● **EXERCISE**
The line with "Foi então que" marks the first line to copy, and the line with "1、操控黃色小人,通過虛擬搖" marks the last. Transcribe that stretch of the data below exactly, without pictures.

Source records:
○ ○ ○

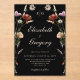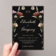 Fleur sauvage Monogram noir Invitations Acrylique Mariage avec de beaux fleurs sauvages aquarelle sur noir moody arrière - plan et écriture de script. Design simple et minimal.
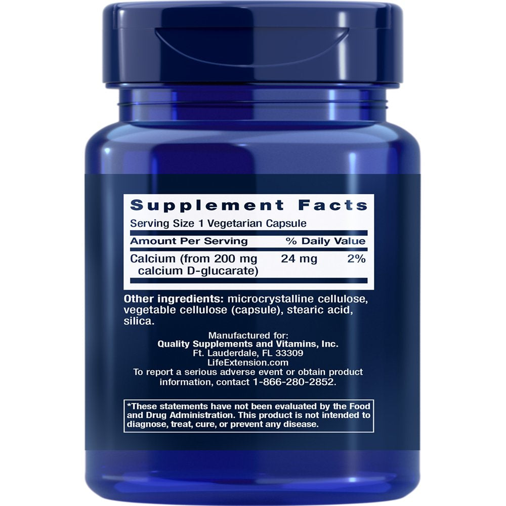 Life Extension Calcium D-Glucarate, 200 Mg - Supports Detoxification, Helps Flush Out Unwanted Compounds – Gluten-Free, Non-Gmo, Vegetarian – 60 Capsules
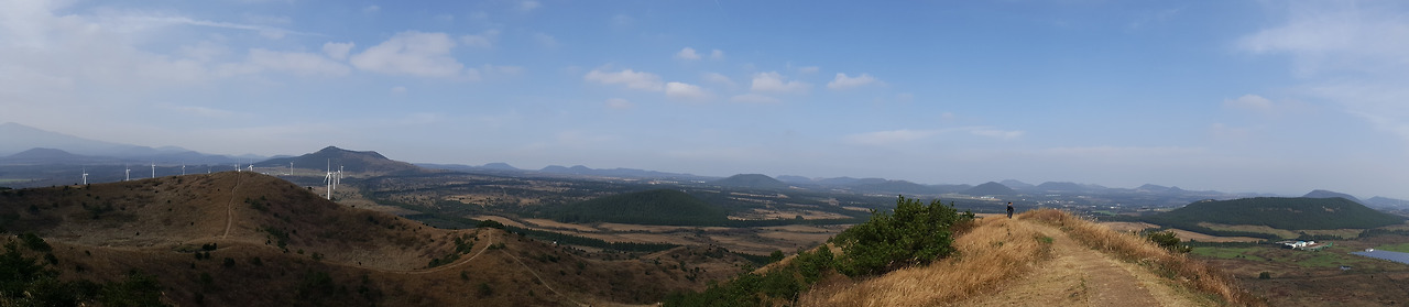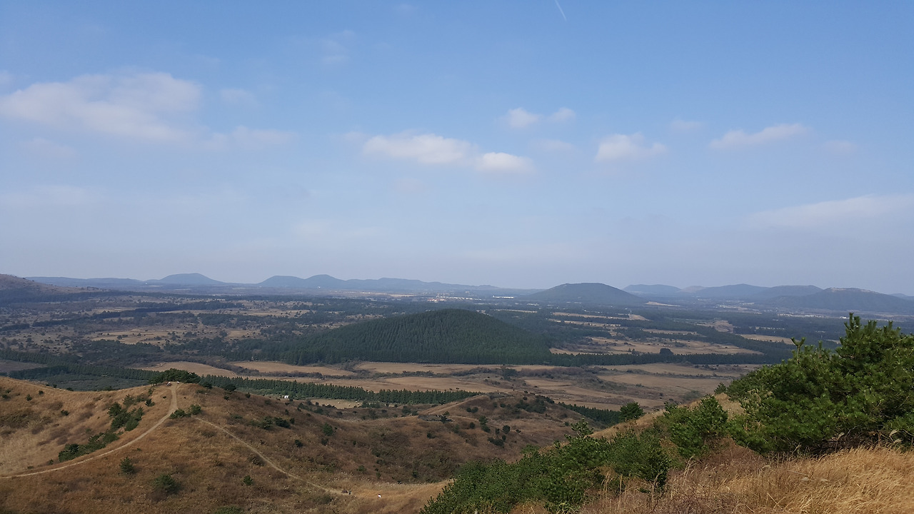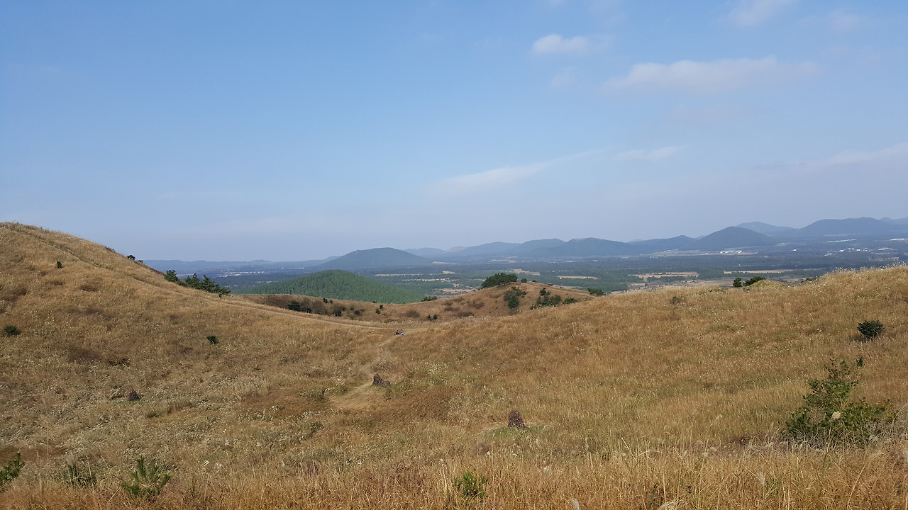 정상에 올라 잠시 쉬고 있는데 동쪽편의 오름들이 한눈에 다 들어온다. 조금조금씩 서쪽으로 온 이유도 있겠지만 이추룩 많은 오름을 한꺼번에 본 적이 없을뿐더러 식별이 가능한 적이 없었다. 나도 많은 오름을 알고 있다. 기쁘다. 사진에 보인 이름과 내가 알고 있는 이름을 맞춰보니 거의 알겠다. 가보지 않은 곳도 많지는 않아 괜한 뿌듯함이 가슴속에서 올라온다. 이미 힘을 내서 올라오느라 더위가 온몸을 덮였는데 뿌듯함마저 일어나지 옷을 벗어도 전혀 춥지 않겠다. 실제도 날씨는 그다지 춥지 않다.
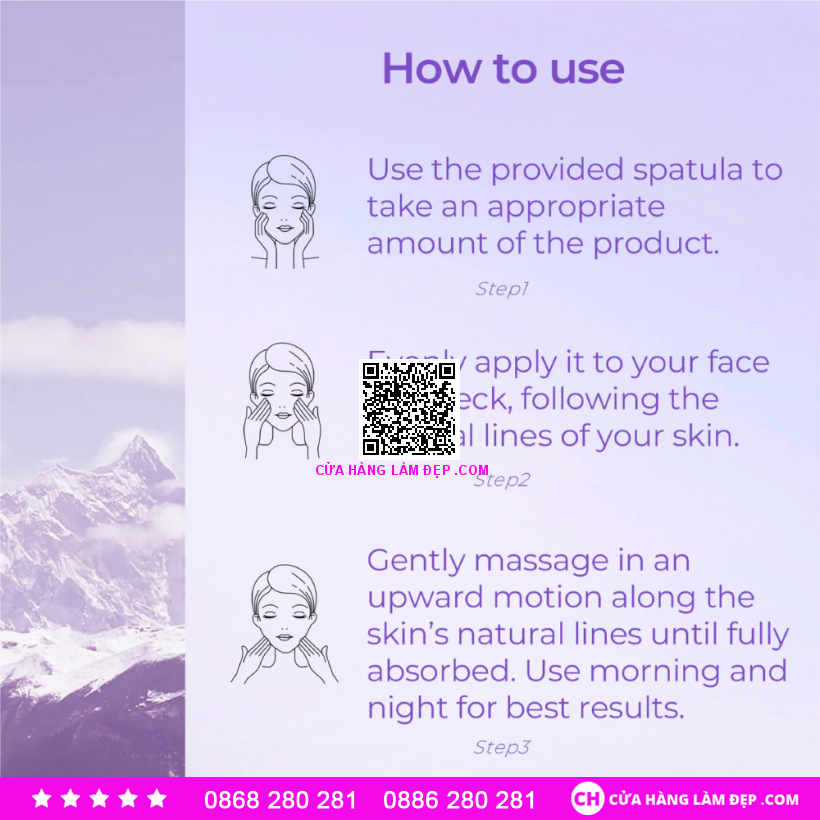 Bước 3: Nhẹ nhàng massage theo chuyển động tròn hướng lên trên cho đến khi thẩm thấu hoàn toàn. Sử dụng vào buổi sáng và buổi tối để có kết quả tốt nhất.
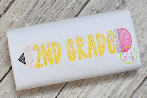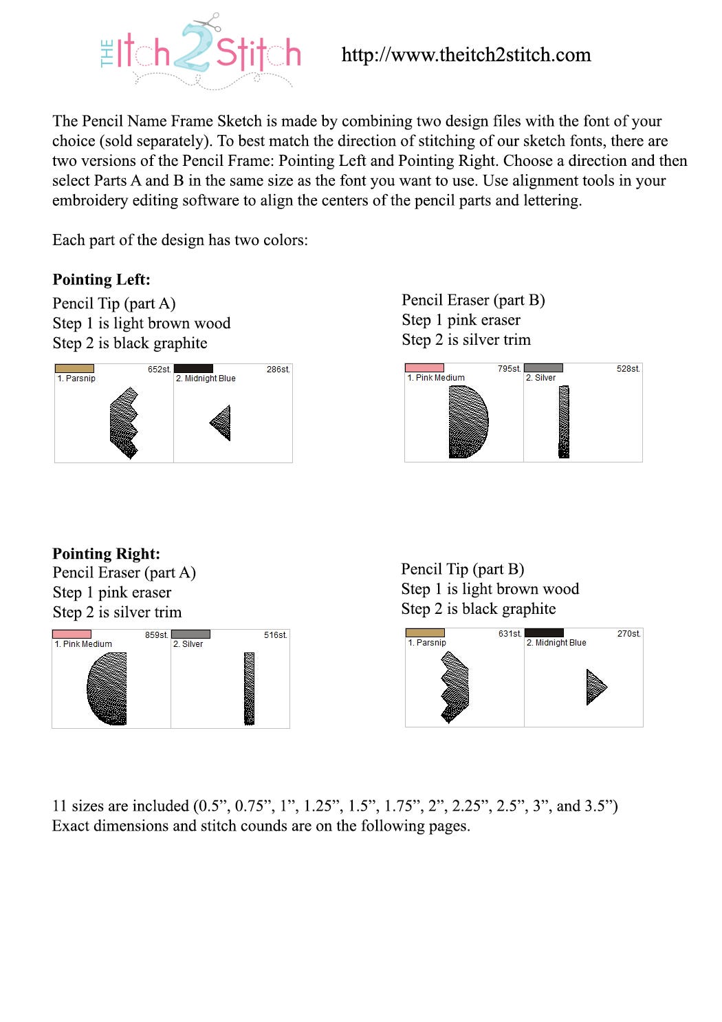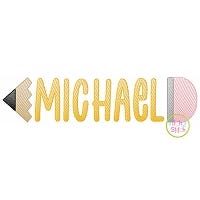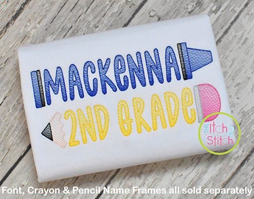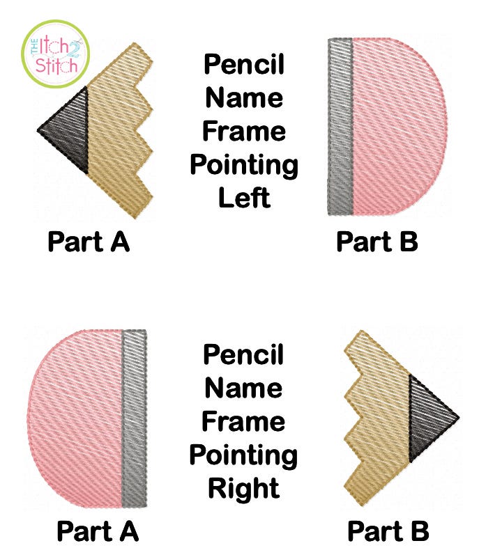 The Pencil Name Frame Sketch is made by combining two design files with the font of your choice (sold separately). To best match the direction of stitching of our sketch fonts, there are two versions of the Pencil Frame: Pointing Left and Pointing Right. Choose a direction and then select Parts A and B in the same size as the font you want to use. Use alignment tools in your embroidery editing software to align the centers of the pencil parts and lettering.
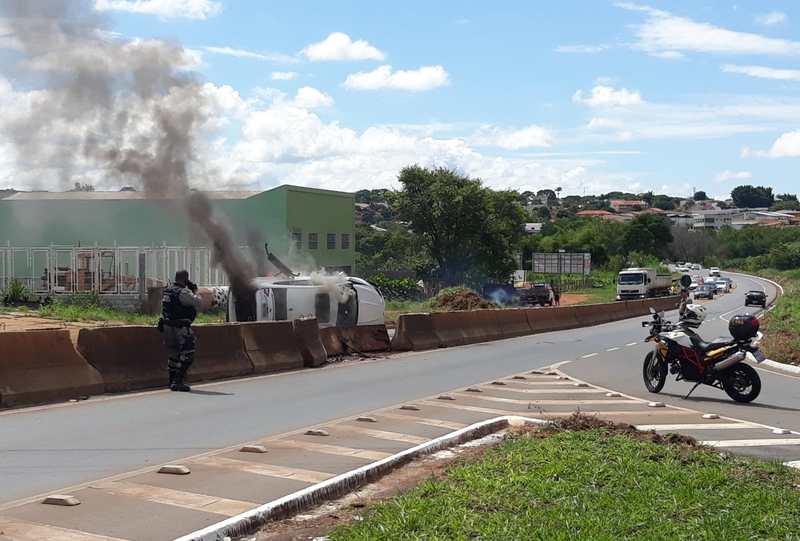 Foi então que o carro colidiu contra a mureta de proteção da via, capotou e pegou fogo.
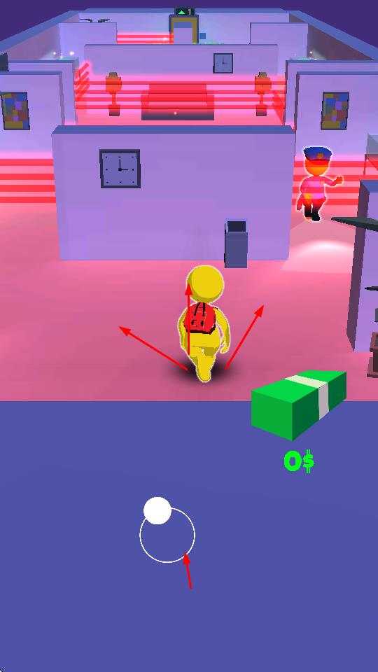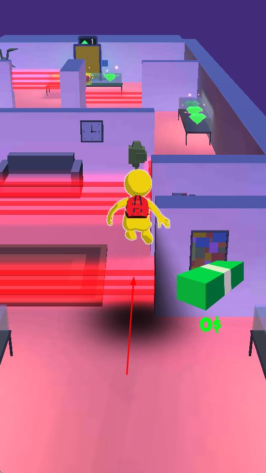 1、操控黃色小人,通過虛擬搖桿在室內場景移動,避開巡邏警察,繞過紅色激光區(qū)域,隱藏行蹤。
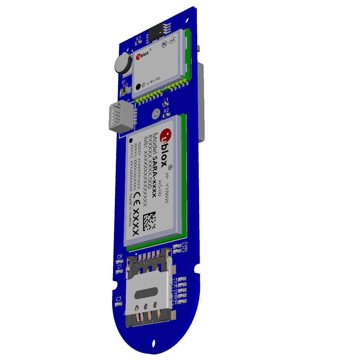 Прототип IoT модуля для установки в электросамокат Xiaomi M365. Данный модуль предназначен для обмена данными с сервером сервиса по аренде электросамокатов (шеринг). Осуществлял удаленный мониторинг состояния самоката, включал или отключал, следил за уровнем заряда, считывал ошибки, включал и отключал фонарики, сообщал об уровне наклона (самокат стоял или лежал), передавал данные о местоположении на основе данных со спутников GPS через сеть GPRS-2G. Высокую точность позиционирования по спутникам GPS и передачу данных обеспечивали чип-антенны Taoglas. Так же данный модуль был оснащен системой защиты от вскрытия и звуковой сигнализации. Компактные размеры модуля позволяли встроить его в корпус руля самоката без дополнительных доработок. Данный проект являлся прототипом и в серию не пошел.
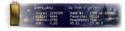 | Headshots | 710 | Suicides | 38 | Headshot / Kill | 15.98 % |

○ ○ ○

● **TASK RESULT**
 Foi então que o carro colidiu contra a mureta de proteção da via, capotou e pegou fogo.
 1、操控黃色小人,通過虛擬搖桿在室內場景移動,避開巡邏警察,繞過紅色激光區(qū)域,隱藏行蹤。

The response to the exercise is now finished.